Mungo David Malcolm Murray, 7th Earl of Mansfield and Mansfield (9 August 1900 – 2 September 1971), styled Lord Scone from 1906 to 1935, was a Scottish Unionist Party politician.

Mansfield was the son of Alan Murray, 6th Earl of Mansfield and Mansfield, and his wife Margaret Mary Helen, daughter of Rear-Admiral Sir Malcolm MacGregor, 4th Baronet. He was active in the extreme anti-Catholic Scottish Protestant League before breaking with them following the 1929 United Kingdom general election. This came about when the SPL leader Alexander Ratcliffe offered to support the Unionist candidate for Stirling and Falkirk if he supported the partial repeal of the Education (Scotland) Act 1918 which allowed Catholic schools into the state system funded through education rates. When this didn't happen Ratcliffe stood as an 'Independent Protestant', coming in third behind the Unionist and Labour Party candidates. 

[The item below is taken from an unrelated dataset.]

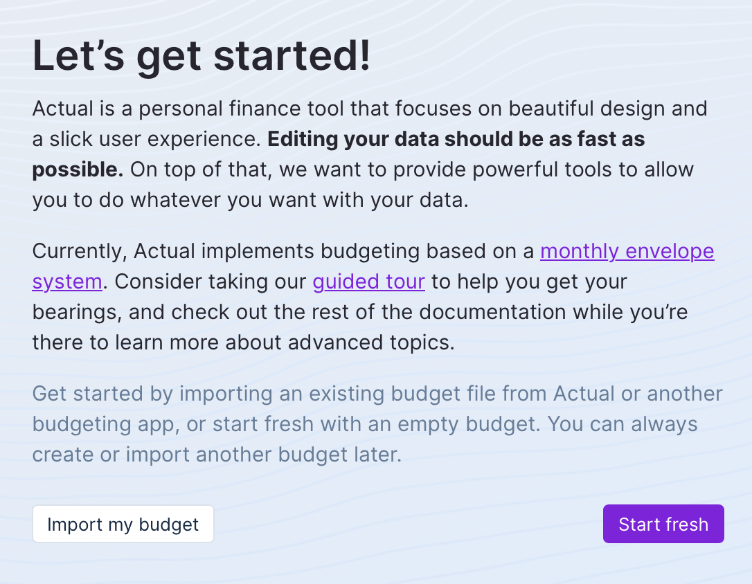 You’ll see a welcome screen. Either click “Import my budget” to import your budget from YNAB or the subscription version of Actual, or click “Start fresh” to create a blank budget file.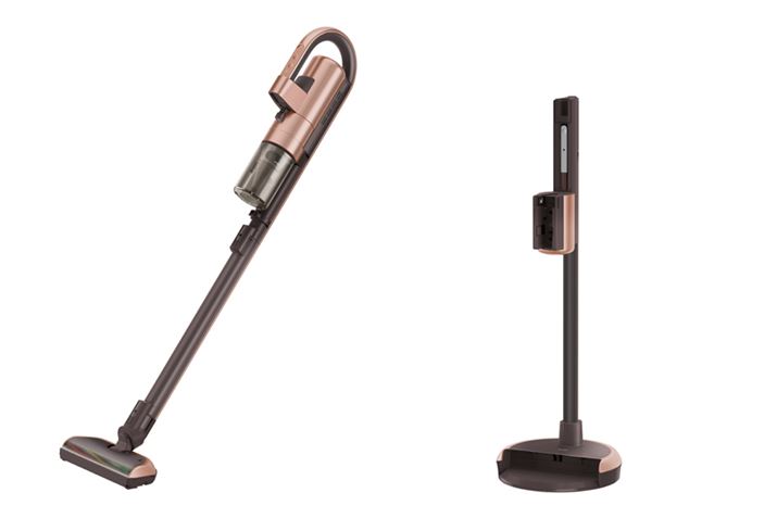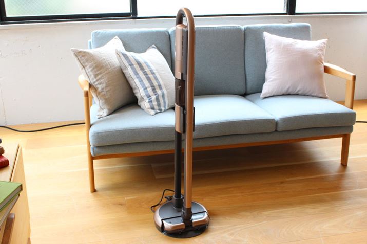 ポイントとなるのは、まずそのデザイン。本体の持ち手が円形状になっていて、充電スタンドに設置するとアルファベットの“Q”を縦長にしたような形になります。これを同社では「Q型スタンドクリーナー」と呼称。リビングなど生活空間に出しっぱなしにして、思いついたときにすぐ掃除ができるよう、スタイリッシュさに配慮した設計です。

Scone entered Parliament for Perth in 1931, a seat he held until 1935, when he succeeded his father and entered the House of Lords. He was also Governor of the Edinburgh and East of Scotland College of Agriculture from 1925 to 1930, Lord High Commissioner to the General Assembly of the Church of Scotland from 1961 to 1962 and Lord-Lieutenant of Perthshire from 1960 to 1971.

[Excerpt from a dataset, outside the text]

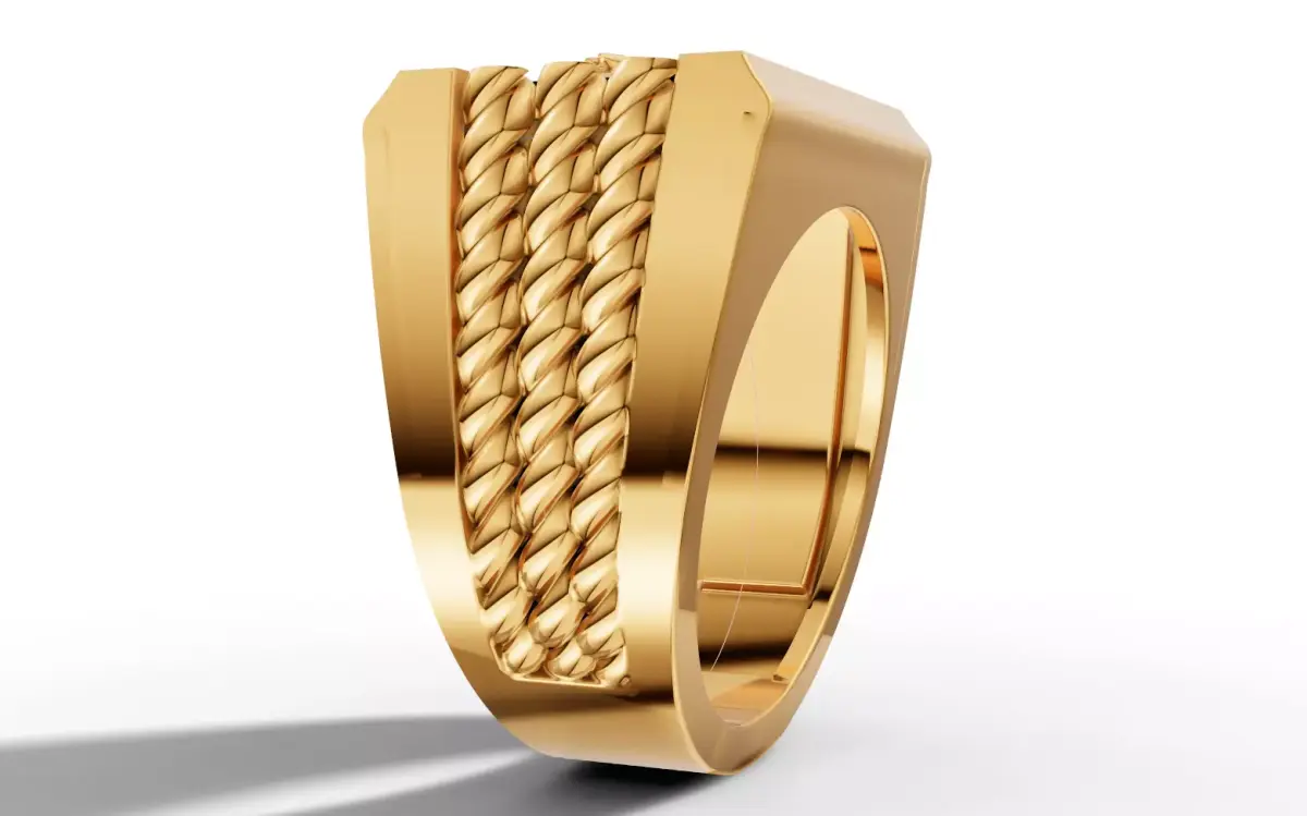 The substantial shank is accented with a triple-row braided rope texture on the shoulders, providing a refined and masculine texture. This solid metal design is optimized for high-fidelity casting in gold, silver, or platinum. Example weight in 14K Yellow Gold is a significant 23.50 grams. Files included: STL and 3DM.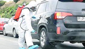 Funcionarios sanitizan vehículos en Chacao

Lord Mansfield and Mansfield married Dorothea Helena, younger daughter of the British diplomat Sir Lancelot Carnegie, in 1928. He died in September 1971, aged 71, and was succeeded in his titles by his only son William, who also became a Conservative politician. His daughter Malvina married Douglas Stuart, 20th Earl of Moray. The Countess of Mansfield and Mansfield died in 1985.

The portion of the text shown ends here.